De todos os textos, Lavoura Arcaica foi o que deixou uma impressão maior em mim. Cheio de referências bíblicas, esse romance é uma espécie de releitura da parábola do filho pródigo. O protagonista é um jovem que foge de casa e de um pai extremamente religioso, que constantemente pregava sermões à mesa, mas também foge de si mesmo. Logo no início da narrativa, eu já senti que algo muito (MUITO) errado havia acontecido. O narrador vai revelando, aos poucos, o dilema do protagonista e a escrita segue um fluxo muito rápido, com muitas vírgulas, ponto e vírgulas e quase nenhum ponto final, o que dá uma cadência incrível à narrativa e me fez ler quase ininterruptamente até o desfecho que é chocante.

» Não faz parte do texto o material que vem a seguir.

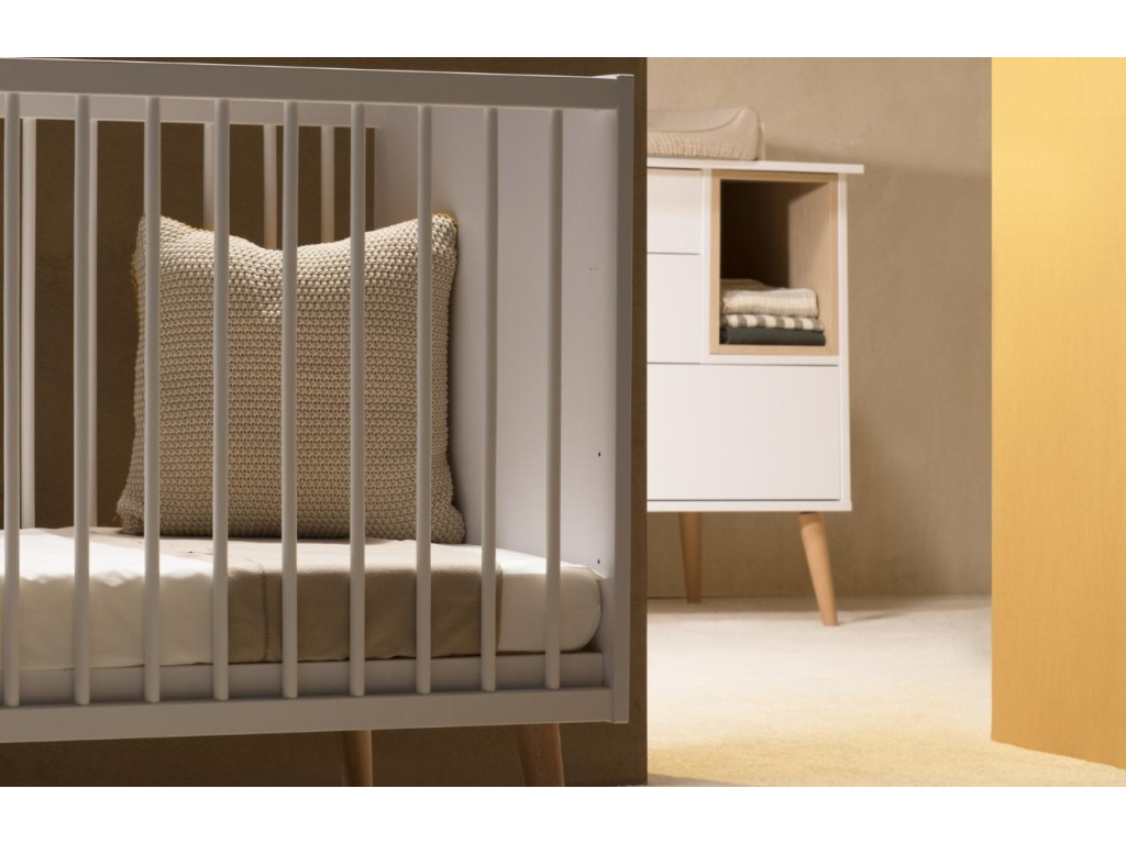 Postýlka Cocoon je ze stejnojmenné řady nábytku od značky Quax. Krásný minimalistický design zaujme na první pohled. Praktický a funkční nábytek do dětského pokoje vyrobený z laminátu s masivní bukovou podnoží je elegantním řešením pro váš interiér. Jemný a vzdušný kontrast se skvěle hodí do skandinávských interiérů s dalšími prvky z řady Cocoon, tím vytvoříte dokonalou souhru v každém prostoru. Do postýlky doporučujeme pohodlnou matraci Quax, která zaručí klidný spánek.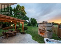 This breathtaking country retreat is just a three minute drive to the QEW, offering the perfect balance of rural tranquility & a convenient location. Nestled on a stunning property with beautiful vineyard views & no rear neighbours, this one-of-a-kind home delivers privacy, space, and year round beauty. Inside you'll find 4 spacious bedrooms & 4 bathrooms, including a primary suite complete with a walk-in closet & a beautiful ensuite. One of the bedrooms is situated above the attached garage, & includes its own separate entrance, & a dedicated split heating & air conditioning unit-ideal for guests or a private office. The main living room is bright & welcoming, with large east & west facing windows that flood the space with natural light throughout the day, along with a gas fireplace. Built in speakers throughout the house & outside. Downstairs, the thoughtfully finished basement, complete with heated floors, offers a rec room with a cozy woodstove & a family room, providing a versatile space. There is also a laundry room, 3 pc bath, & a large cold cellar. Car enthusiasts & hobbyists will appreciate the 2 separate double-car garages, both equipped with heated floors. The detached garage also features a convenient 2 pc washroom, a spacious insulated loft above for potential additional living space if finished, & thoughtful additions like a dog/chicken run and an attached little house with its own heater for chilly winter nights. Outdoors, the home continues to impress with a large front porch where you can watch the sunrise, a composite deck & hot tub ('23) with stunning vineyard views, an outdoor fireplace & a wood-fired pizza oven-perfect for entertaining. A peaceful fish pond sits adjacent to the patio, adding to the sense of serenity and charm. Whether you're enjoying a quiet morning coffee on the front porch, or sitting by the fire with your family & friends, this home offers a chance to enjoy country living at its finest. Luxury Certified. (id:50886)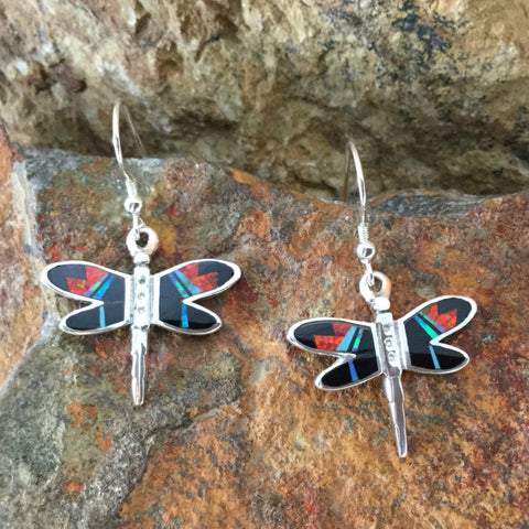 David Rosales Red Moon Inlaid Sterling Silver Earrings Dragonfly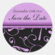 Save the date envelope seals for wedding, in elegant black and purple with swirly design, the perfect addition to your save the date card envelopes, available in matching cards, magnets and stamps.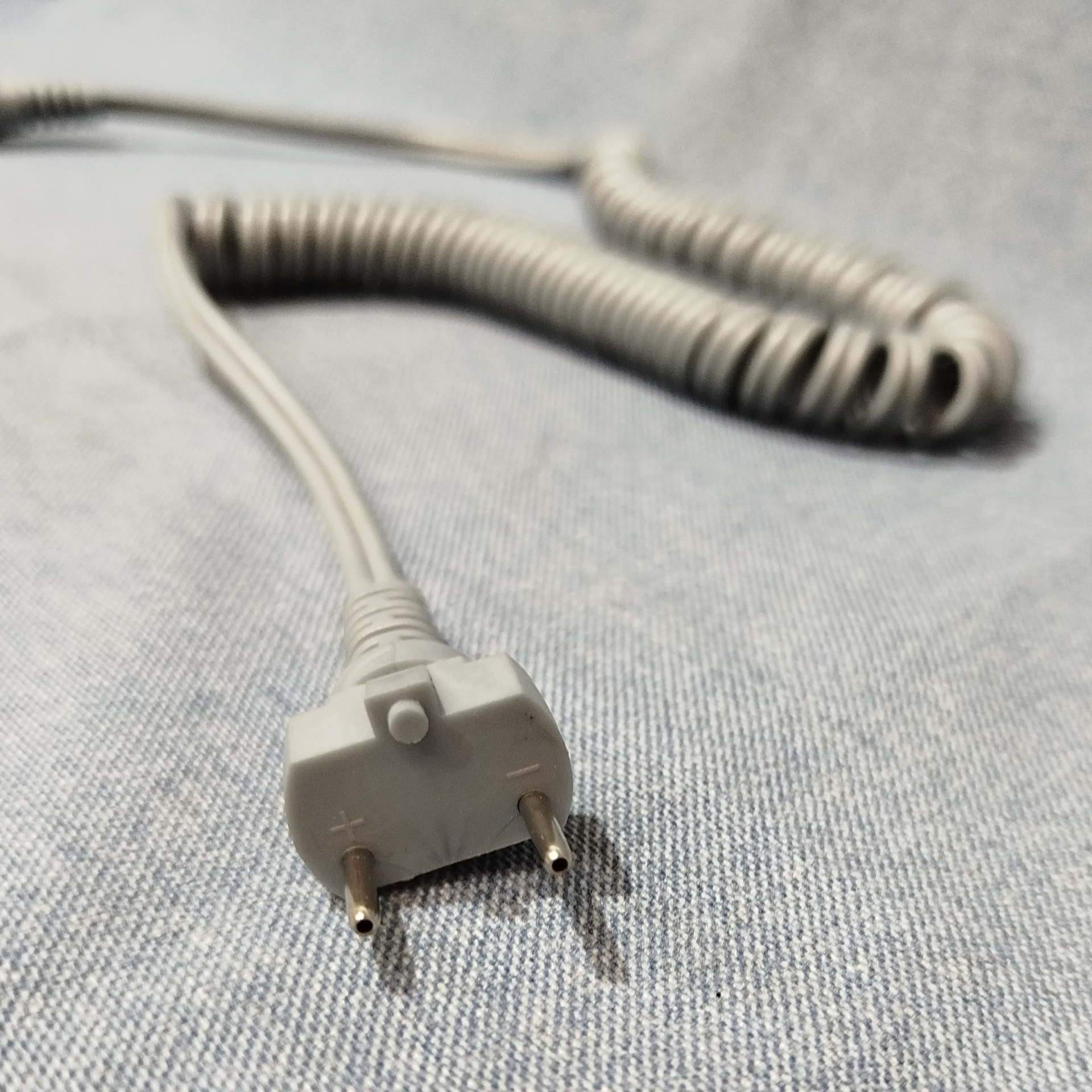 Cabo elétrico cinzento enrolado com conector circular e ficha de três pinos sobre tecido azul-claro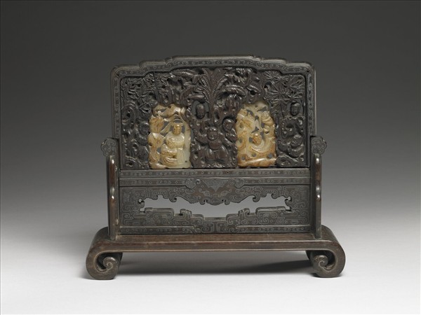 木雕插屏,嵌有明代鏤雕童子紋玉片二塊。兩側之木雕搭配玉雕, 合組為九子嬉游庭園竹石蕉陰間之嬰戲圖。木座下方鐫有填金隸書乾隆十九年(1754)御製詩:「七情之發真惟孩,童子嬉戲良可咍,以手捫目臨虛階,蕉陰竹蔭青雀嵬,玉人抱璞雕奇瓌,睢睢于于意自佳,蒙叟所謂天全哉。乾隆甲戌秋御題」。並鈐有「乾」、「隆」二印。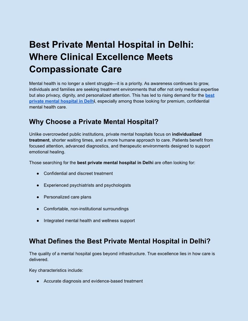 Best Private Mental Hospital in Delhi_ Where Clinical Excellence Meets Compassionate Care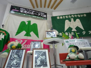 当時のVTRや歴代選手を紹介する写真パネル、優勝カップ、ユニフォームなどがある。日本一2回、リーグ優勝12回の記録を残したその栄光が記憶とともに懐かしく蘇る。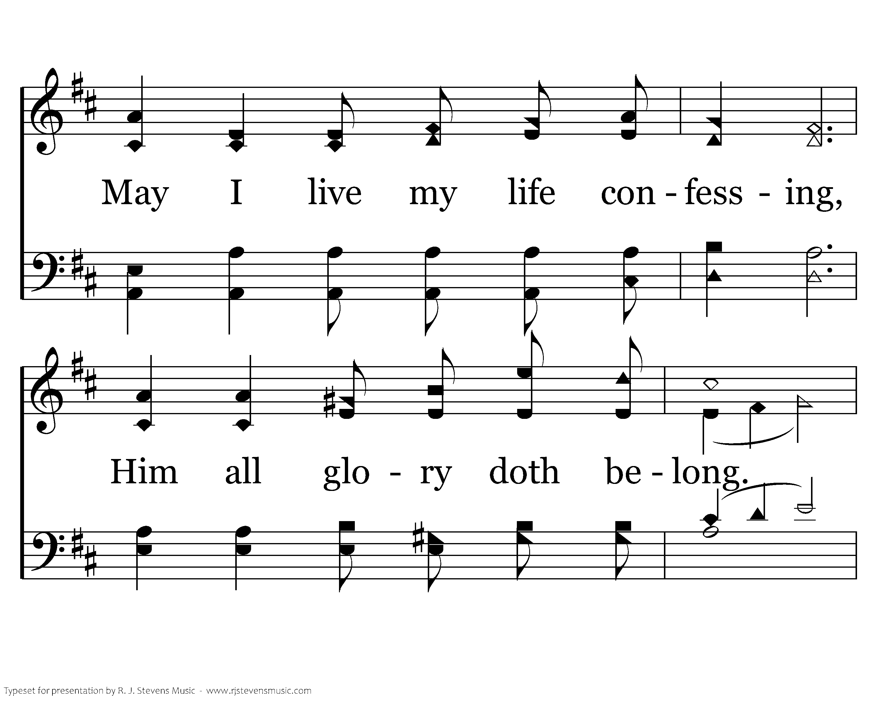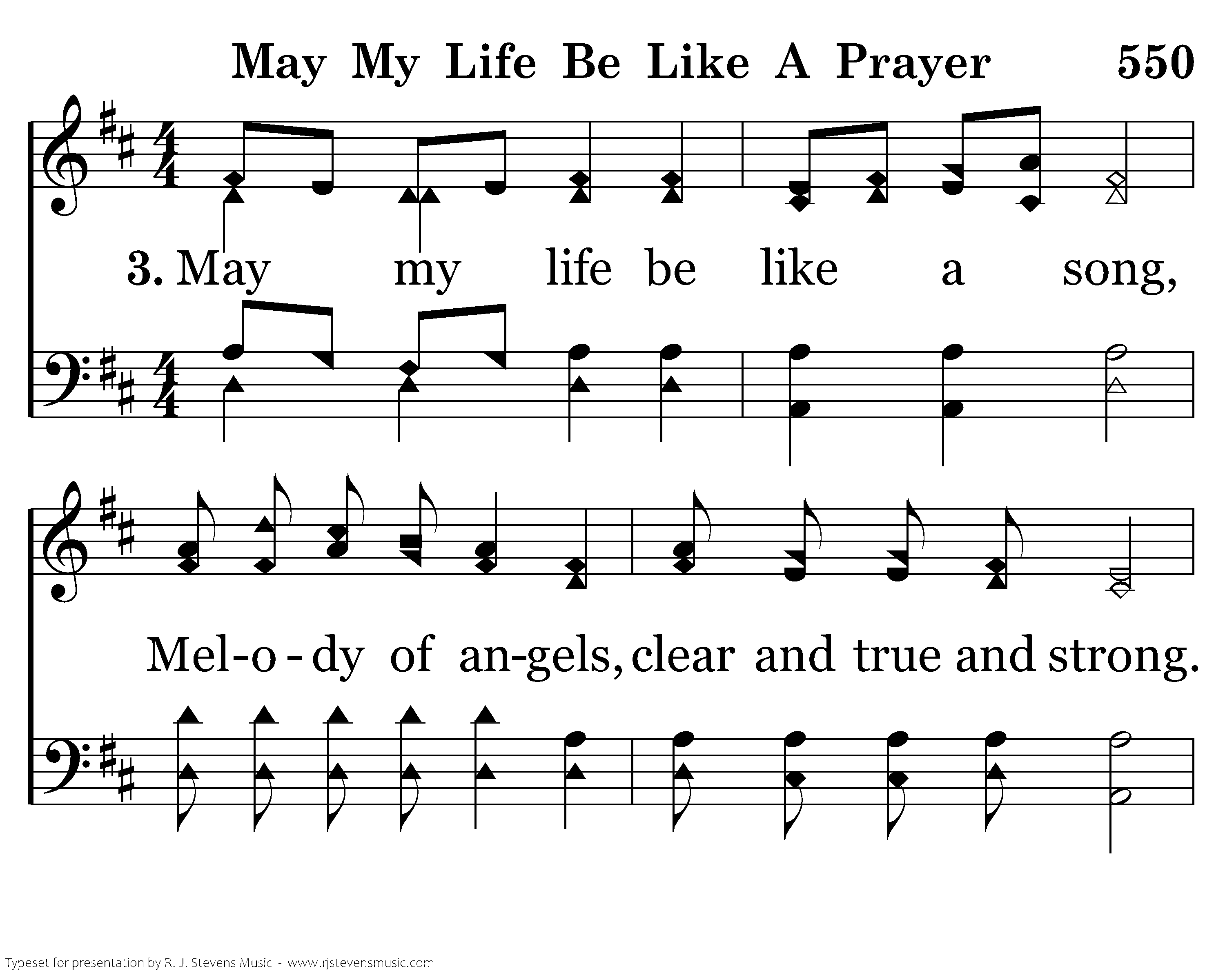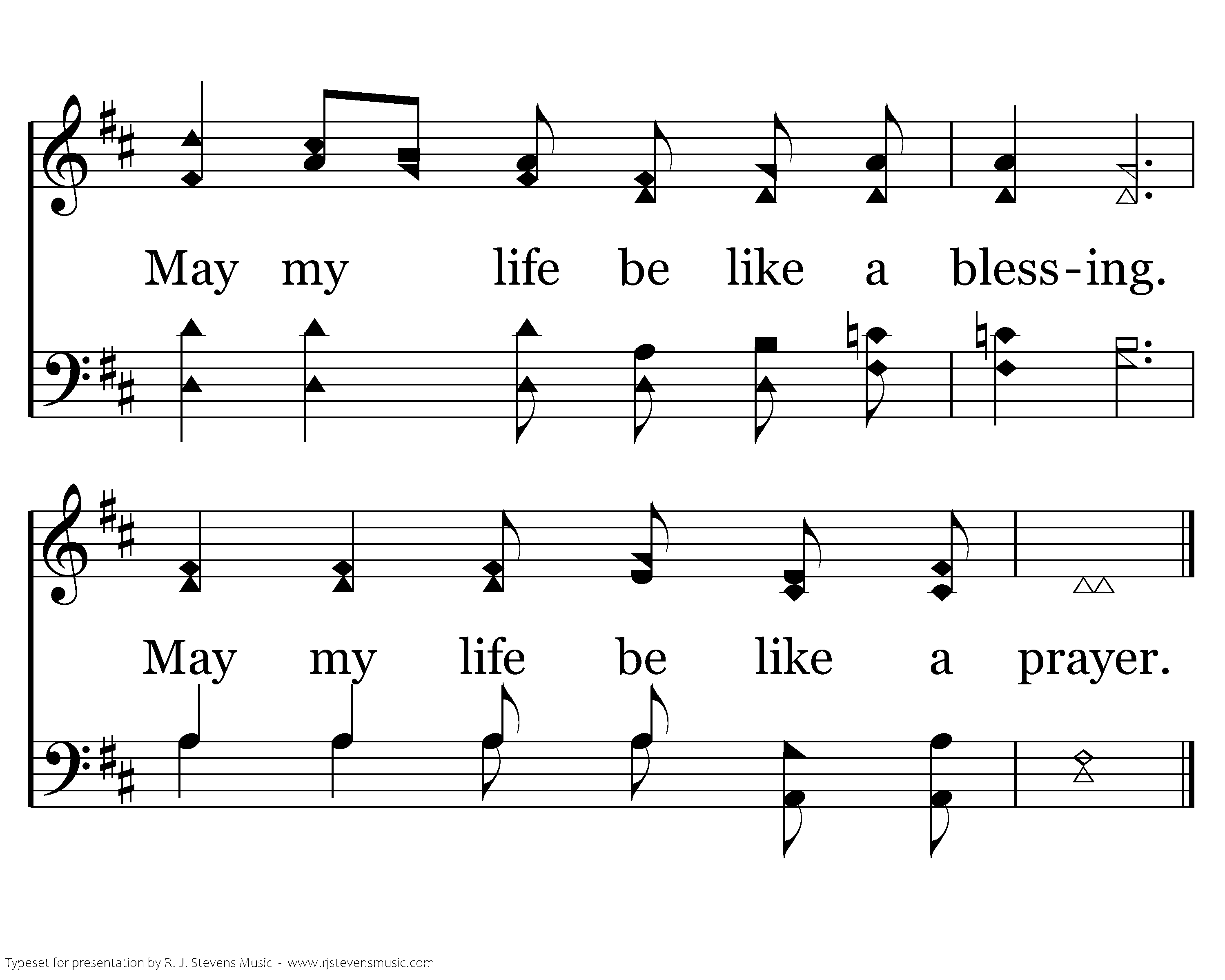 May my life be like a song, Melody of angels, clear and true and strong. May it rise to heaven, anthem sweet. May I lay it humbly at the Savior's feet. May I live my life confessing, Him all glory doth belong. May my life be like a blessing. May my life be like a song.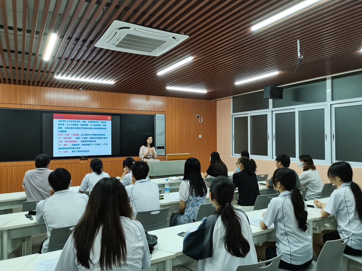 “讲”。黄学茭讲到,习近平总书记7000余字的重要讲话,充满思想伟力,蕴含磅礴力量。她重点讲了86次“人民”一词出现所彰显的以人民为中心的理念;5个“庄严宣告”;32个字的“伟大建党精神”;3个“绝不”;9个“必须”。黄学茭强调,学习习近平总书记的重要讲话,要从中不断汲取信仰的力量、思想的力量、奋进的力量,进一步坚定对马克思主义,对中国特色社会主义的信念,对实现中华民族伟大复兴的中国梦的信心,并转化为学习、工作的动力,为实现中华民族伟大复兴的中国梦而接续奋斗!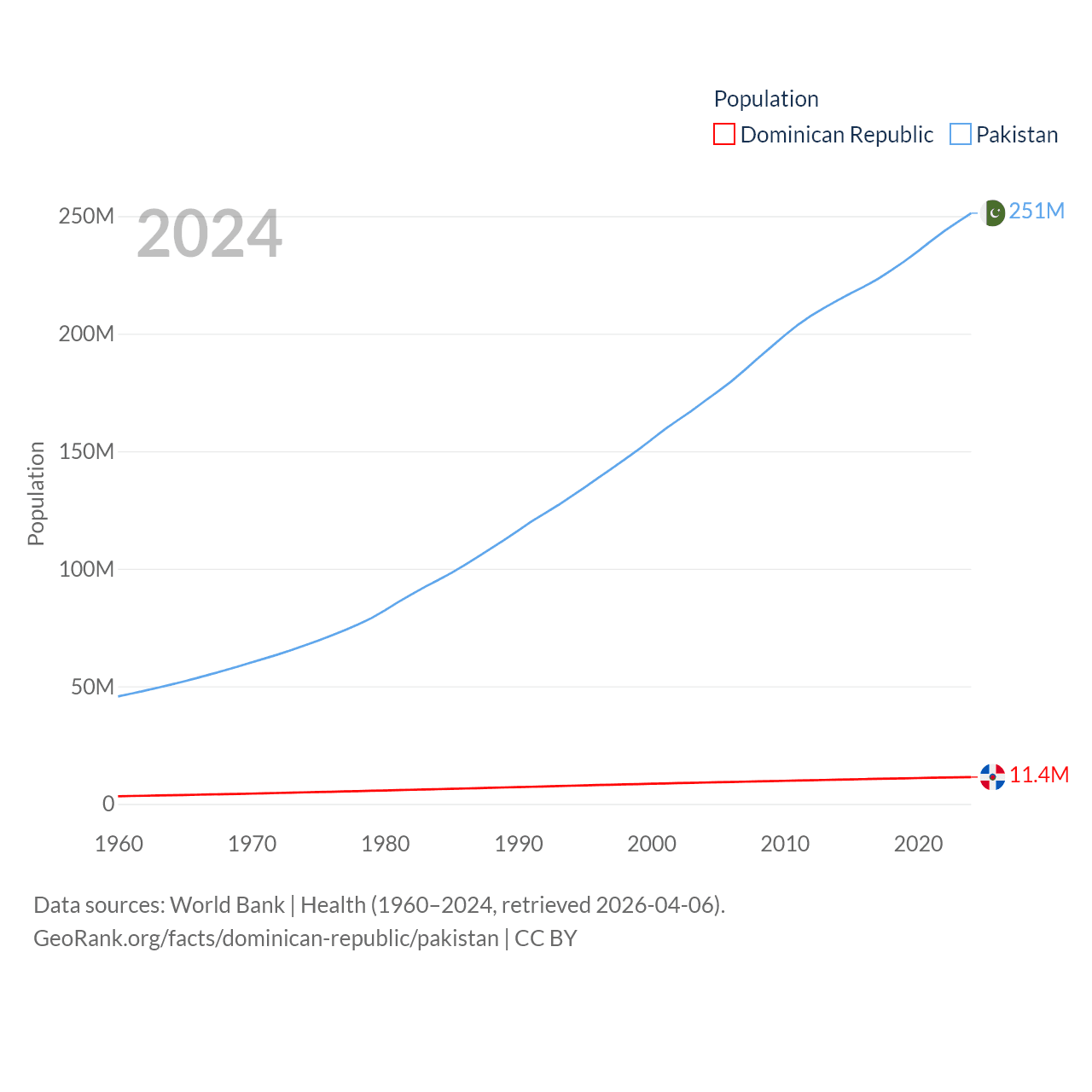 The Dominican Republic has a population of 11.4M (ranked 85/197), compared with 251M in Pakistan (ranked 5/197). The Dominican Republic's land area is 18,609 sq mi versus 297,638 sq mi for Pakistan (ranked 127th vs. 35th).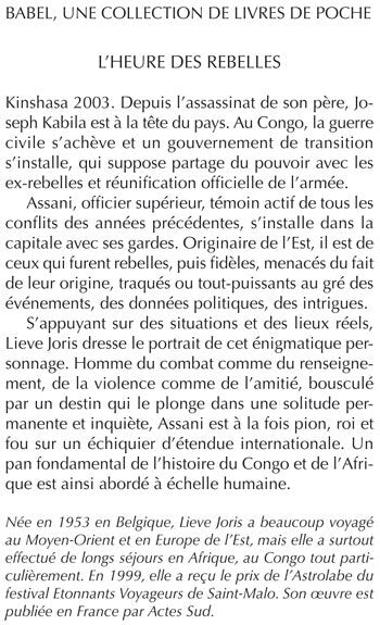 «Née en 1953 en Belgique, Lieve Joris a beaucoup voyagé au Moyen-Orient et en Europe de l'Est, mais elle a surtout effectué de longs séjours en Afrique, au Congo tout particulièrement. En 1999, elle a reçu le prix de l'Astrolabe du festival Etonnants Voyageurs de Saint-Malo. Son oeuvre est publiée en France par Actes Sud.»

"[...] ao contrário do que se supõe, o amor nem sempre aproxima, o amor também desune; e não seria nenhum disparate eu concluir que o amor na família pode não ter a grandeza que se imagina." (NASSAR, 2016, p. 170)
De Um copo de cólera eu esperei mais, por causa da maldita expectativa. Foi um texto muito recomendado por um amigo e também acredito que eu não tenha gostado tanto por conta de ter lido logo após Lavoura arcaica, que eu gostei muito. Protagoniza essa estória um casal que, ao início da narrativa, parecem apenas aproveitar a manhã depois de uma noite de amor. A estória toma um rumo totalmente diferente quando ele se irrita com o estrago que saúvas fazem na sua cerca viva e ela, ao tentar acalmá-lo, acaba provocando mais ainda sua raiva. O que até então fora uma relato de dois amantes tomando café da manhã, torna-se uma discussão em que ambos explodem e expõem o que pensam um do outro. E é aí que passamos a entender melhor esses dois personagens: percebemos que ele faz um estilo mais rude e retrógrado, um homem do campo; já ela, jornalista, mostra sua face de mulher das letras, preocupada em defender-se dos ataques (machistas) do parceiro. Arrisco a dizer que Nassar consegue exprimir com maestria uma nuance bruta da natureza humana.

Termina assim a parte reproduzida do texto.